There has been a perilous decline in the freedom of speech and expression in India in recent years. Supporters of political parties, particularly the BJP, have built up a concerted attack against journalism, with daily abuse of journalists as “presstitutes” and of all media as “paid media”. The only media that is not called “paid media” is the media that always says what they like to hear and makes no pretence to impartiality, and no attempt at arriving at an objective assessment of facts. These are the media firms that are rewarded with lavish government advertisements and given interviews and access to top ministers, including the prime minister. In other words, the only media that is not called “paid media” is the actual paid media.

There is a long tradition in Indian journalism of media owners bending to whichever parties are in power at state and centre. What is new now is that nothing short of crawling is considered good enough, and the sashtanga pranam crawl is demanded of all and sundry. Even a Facebook post abusing Modiji by a relatively unknown journalist for a local cable TV news channel in Imphal must be punished with arrest for sedition. Can’t it just be ignored?

This kind of totalitarian intolerance is unusual for Indian democracy. It was seen only during the Emergency. The present situation has been called an undeclared Emergency by some. It increasingly appears that the appellation is not altogether hyperbolic.

With powerful political parties on the one hand and big corporates on the other, both attacking the media through arrests and lawsuits, the space for journalism is disappearing. Mainstream Indian newspapers, with some exceptions like The Indian Express, never really had a culture of investigative journalism.
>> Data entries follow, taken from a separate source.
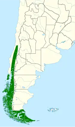 Der Vogel kommt in den südlichen Anden von Chile und Argentinien nach Süden bis Feuerland vor.
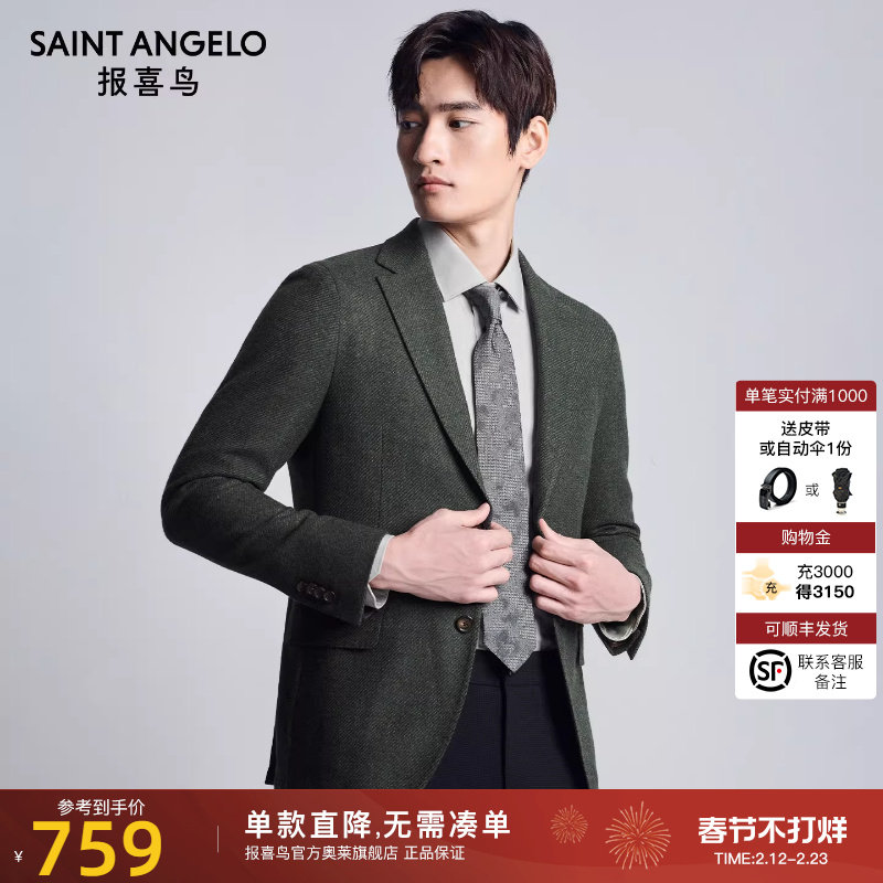报喜鸟秋季新款商务正装男士西装外套平驳领西服上衣休闲单西绿色
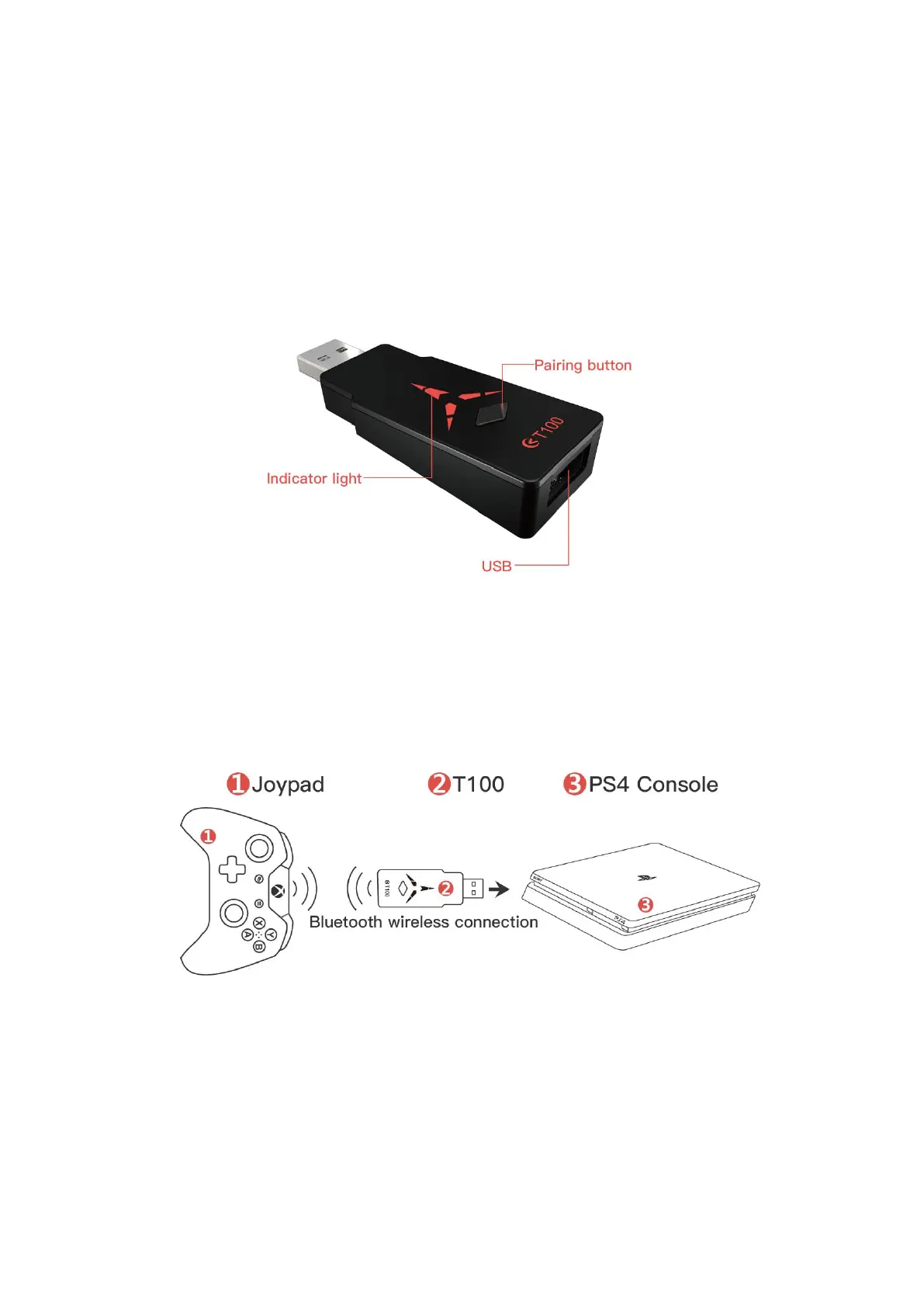 2. Insert the T100 into the PS4 Console as shown in the diagram, press the pairing button,
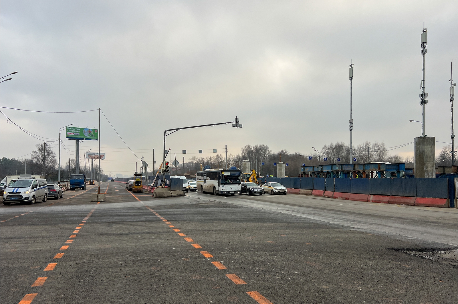 - путепровод длиной 150 м по основному ходу магистрали через ж/д пути второго Московского центрального диаметра (с двумя полосами в каждом направлении);
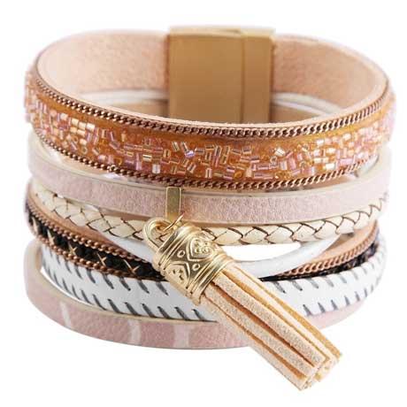 Συνθετικό μπεζ δέρμα με κρύσταλλα και μαγνητικό κούμπωμα. Μήκος: 19,5cm
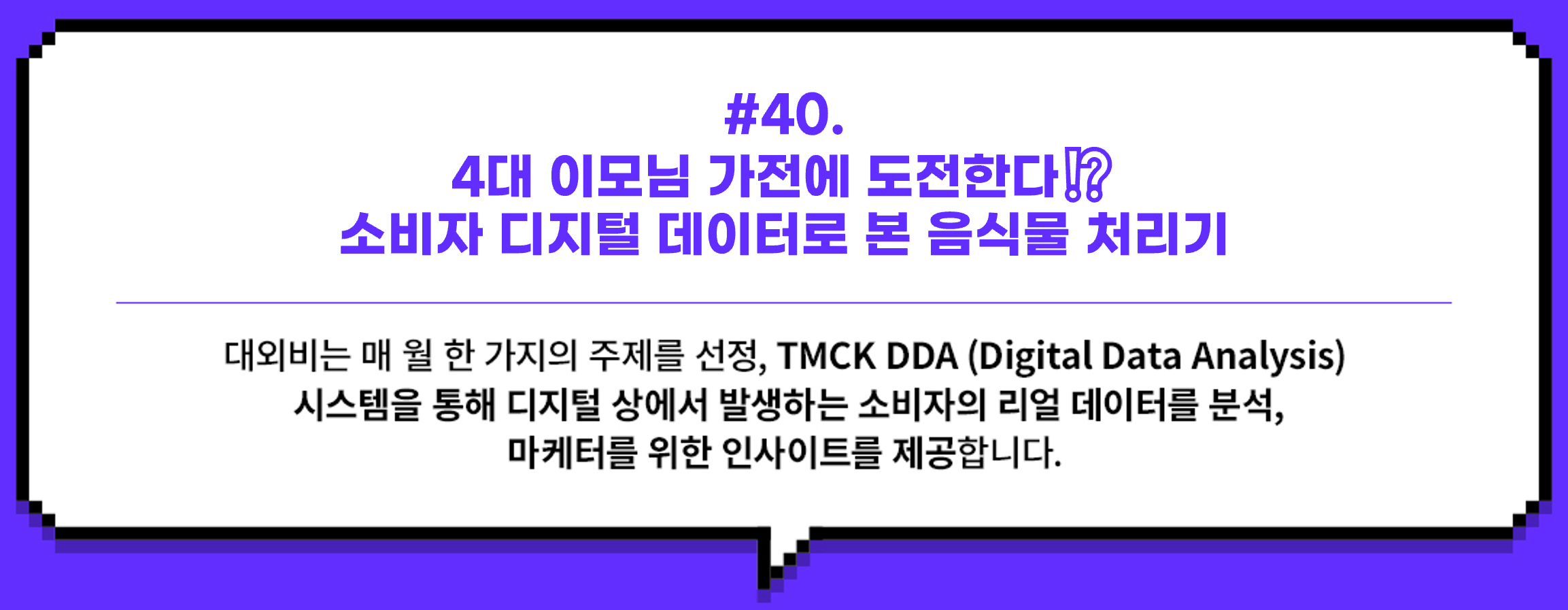 [대외비.]🤫는 마케터를 위한 트렌드 인사이트 리포트로 매월 이슈가 되는 한 가지의 주제를 선정, TMCK DDA(Digital Data Analysis) 시스템을 통해 디지털 상에서 발생하는 소비자의 리얼 데이터를 분석, 마케터를 위한 인사이트를 제공하는 트렌드 리포트입니다.
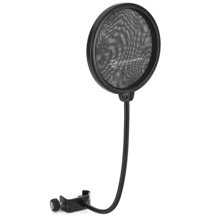 De Konig & Meyer 23956 Popkiller is een professionele popfilter die plofklanken effectief onder controle houdt tijdens zang- en spraakopnames. Dankzij het slanke frame blijft je zicht vrij, zodat aanwijzingen van een producer of signalen van medemuzikanten goed zichtbaar blijven.
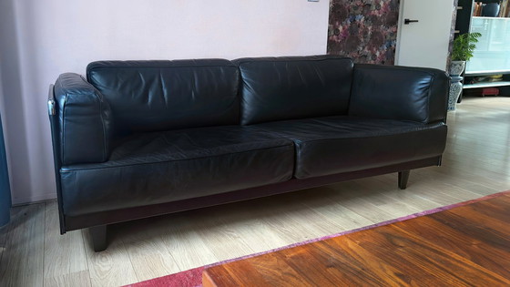 Te koop onze geliefde zwart leren design sofa van Poltrona Frau genaamd 'Twice' in een ontwerp van Pierluigi Cerri uit 1996.
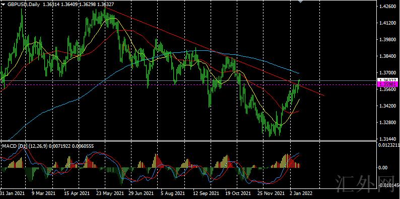 英镑星期二保持上升行情,而且又一次立稳1.3600关键点位,创下去年11月4号迄今高点。技术分析上,尽管美元指数一直保持震荡,但英镑已经接连第三周上升,迈出显著方向。日K线向上瞧,英镑击穿1.3370,标志着短时间筑底完成。但后面击穿1.36关键点位而且击穿下滑趋势线(去年6月1号迄今下滑趋势),才代表着英镑半年多的下挫行情终结,显现真正反转行情。所以在非美货币中,目前英镑是方向较为明朗的,适合买涨的品种。即便美元指数没有向朝下击穿位,英镑后市也大约率持续上涨,而美元若突破,将令增速英镑上涨。
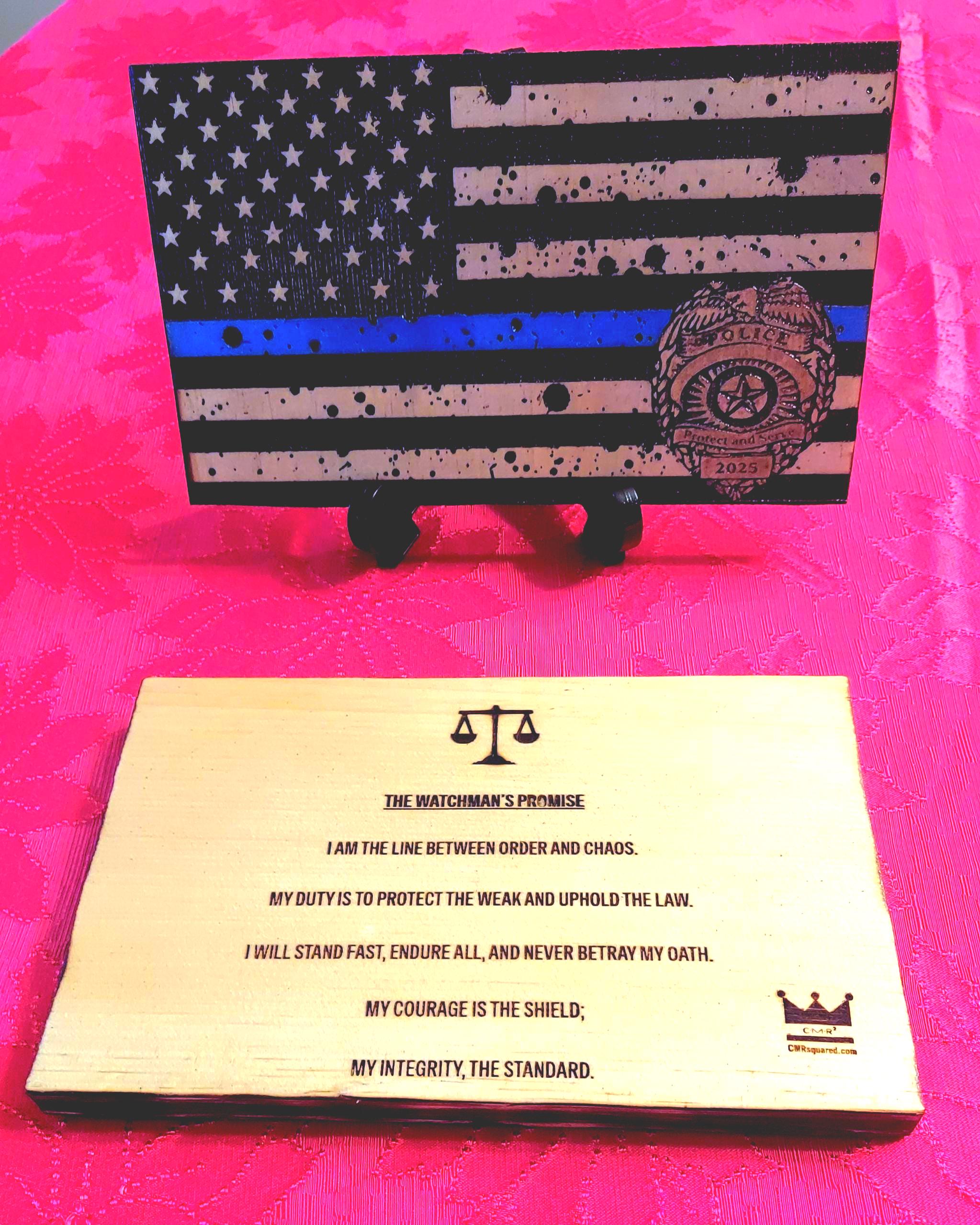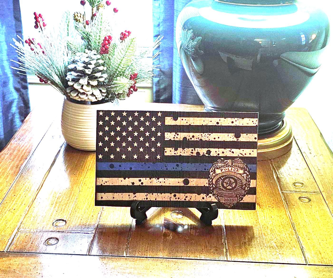 Display this piece proudly in your home, office, or department setting as a reminder of the heroes who keep our streets safe and protect our nation from within. Whether purchased for yourself, gifted to an officer, or given to a family who serves — this engraving stands as a timeless symbol of gratitude, respect, and support for those who defend and protect our citizens.

Now the number of holy cows seems to have increased, and spaces for reporting scams and scandals have obviously decreased.

At this rate, the only journalists and media houses left with the spine to say anything other than PR platitudes in the “national media” will soon be restricted to mouthpieces of the BJP and Congress, because no one else will have the backing and financial muscle—or the stomach—to take on the powers that be. The BJP media will fight against the Congress media, and there will be no other kind of media. The effort all around seems to be to turn media completely into PR, so that no journalism whatsoever is left alive. At that point, it might become clear to many who abuse journalists that they have made a mistake because their own freedoms will start to vanish too. It will then be too late.

Abhijit Iyer-Mitra had rooted for the arrest of historian Audrey Truschke, author of a book about Aurangzeb. She lives and works in the US. Abhijit doesn’t. She’s fine, while he’s in bad shape in hospital after a month in jail, arrested under the same laws that he wanted used against her.

Many people today may be happy with the arrest of those abusing Modiji under NSA and sedition charges. Their happiness doesn’t account for karma. The same laws may someday be turned against them, too.